О, глубина и владение!
От разного счастливы прочие,
Но йоги сильны голоданием.

Браво! Очень красивые, мудрые стихи... а главное, к месту. - Саша посмотрел на Миржжаева, улыбаясь так, что в улыбке его ничего не читалось, - И вы действительно голодаете?

Представьте себе, по двадцать суток без отрыва от производства. - в голосе девушки слышались ноты достоинства, - Более того, я с отвращением отношусь к алкоголю... и к мясу, и к рыбе, и к птице... - и потупив взор, точно молодая графиня смущённая отважным гусаром, довершила справку, - Уже восемь лет.

А к яйцам? - Лобз входил в раж.

Не поняла?

Ну, как вы относитесь к яйцам?
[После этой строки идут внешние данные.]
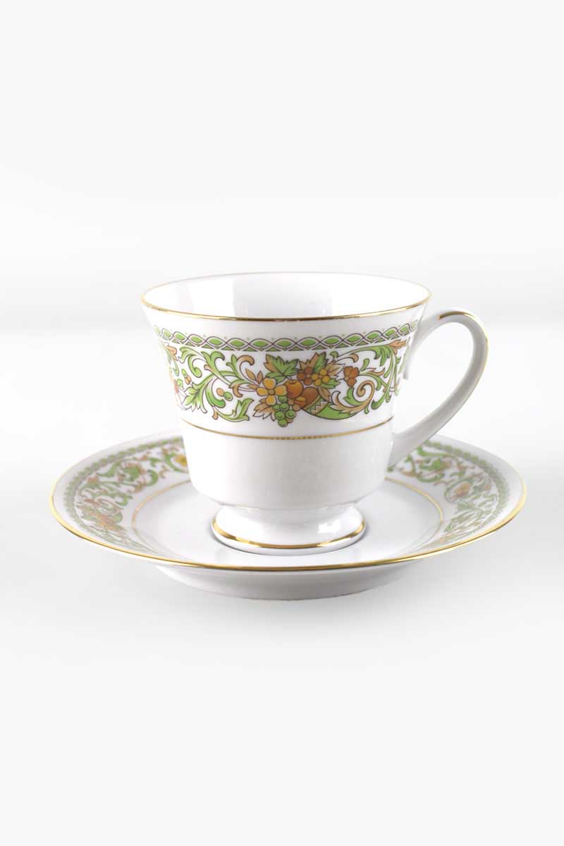 Noritake Theresa Tea Saucer with Decorative Band In Green and Terracotta quantity
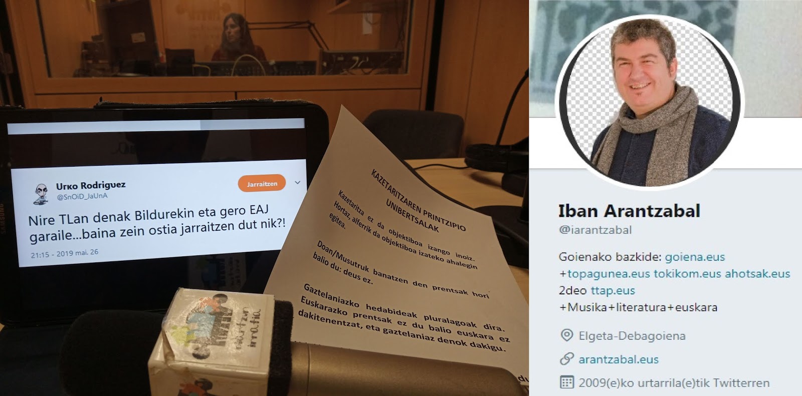 Gaurkoan “Arma Txio Pum” saioan kazetaritza ereduez hitz egin dugu Iban Arantzabalekin. Goienaren kazetaritza eredua eta “beste batzuena” alderatu ditugu.
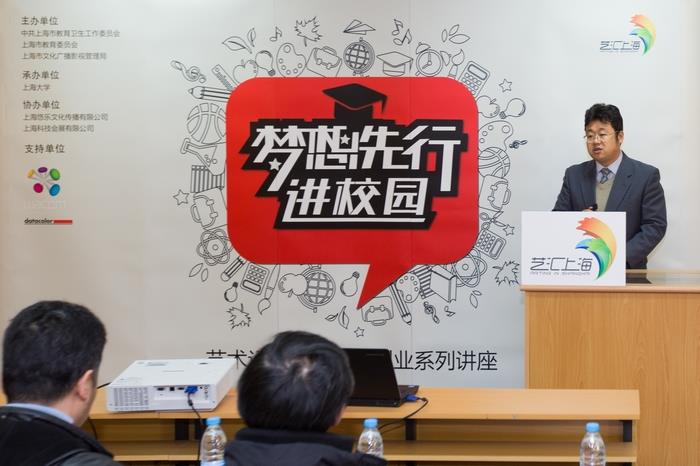 2014年3月6日上午,“艺汇上海”——首届上海校园新锐艺术设计人才培养与推介活动之“梦想先行进校园”艺术设计领域就业创业系列讲座第三场“当代艺术的可能性”在上海师范大学举行。本场讲座邀请的主讲嘉宾是日本国际交流基金高级访问学者、东京艺术大学客座研究员、AC米兰官方网站美术学院硕士生导师潘力教授。此次活动由市教卫工作党委、市教委、市文广局主办,AC米兰官方网站承办,上海师范大学、上海悠乐文化传播有限公司和上海科技会展有限公司协办。讲座由AC米兰官方网站美术学院综合办公室主任阮俊主持,上海师范大学美术学院执行院长刘旭光为活动致辞。上海师范大学美术学院党委书记周建平,AC米兰官方网站美术学院党委副书记王海燕,上海师范大学美术学院设计系党支部书记秦伟,上海师范大学美术学院设计系教授孟祥勇,上海师范大学党委宣传部张红斌,上海师范大学美术学院院长助理赵志勇以及datacolor科技产品经理夏立敏出席了此次活动。

Куриным, гусиным... иным...

И к яйцам. - твёрдо сказала девушка, не уловившая подвоха.

А как же Тантра? - Саша решил до конца выяснить ориентацию.

А что это? - удивилась опытная йогиня.

Вопрос девушки остался без ответа. Пирожковский, сидевший на том конце вагона, скомандовал готовиться к выходу, и все стали готовиться.

**

Платформа "Сапилки"...

Платформа "Сапилки" отличалась от других платформ этого направления прежде всего тем, что была уставлена каменными изваяниями различных животных. Здесь были даже лев, кенгуру и два крокодила, сидящие друг на друге, очевидно как символ естественного размножения... то есть человек сразу понимал, что он попал в заповедник.

Велотрофисты шумно высыпали из вагона и стремительно направились к магазину. Брали хлеб, селёдку, сосиски, сгущёное молоко, пряники... но в основном, пиво и водку.

На двухподвесочнике был один Лобз. К нему подошёл парень лет тридцати пяти в белом шлеме и протянул руку.

Владлен. Это твой гроб?

Мой. А почему гроб?

Сколько весит?

Понял.

Сколько стоит?

Понял.

Вон тот парень, у столба, на жёлтом "Трекингфоксе", видишь?

Вижу.

Он работает в бюро похоронных услуг-а-ха-ха-ха! Если что, обращайся. Скажешь, от Владлена. - и удалился.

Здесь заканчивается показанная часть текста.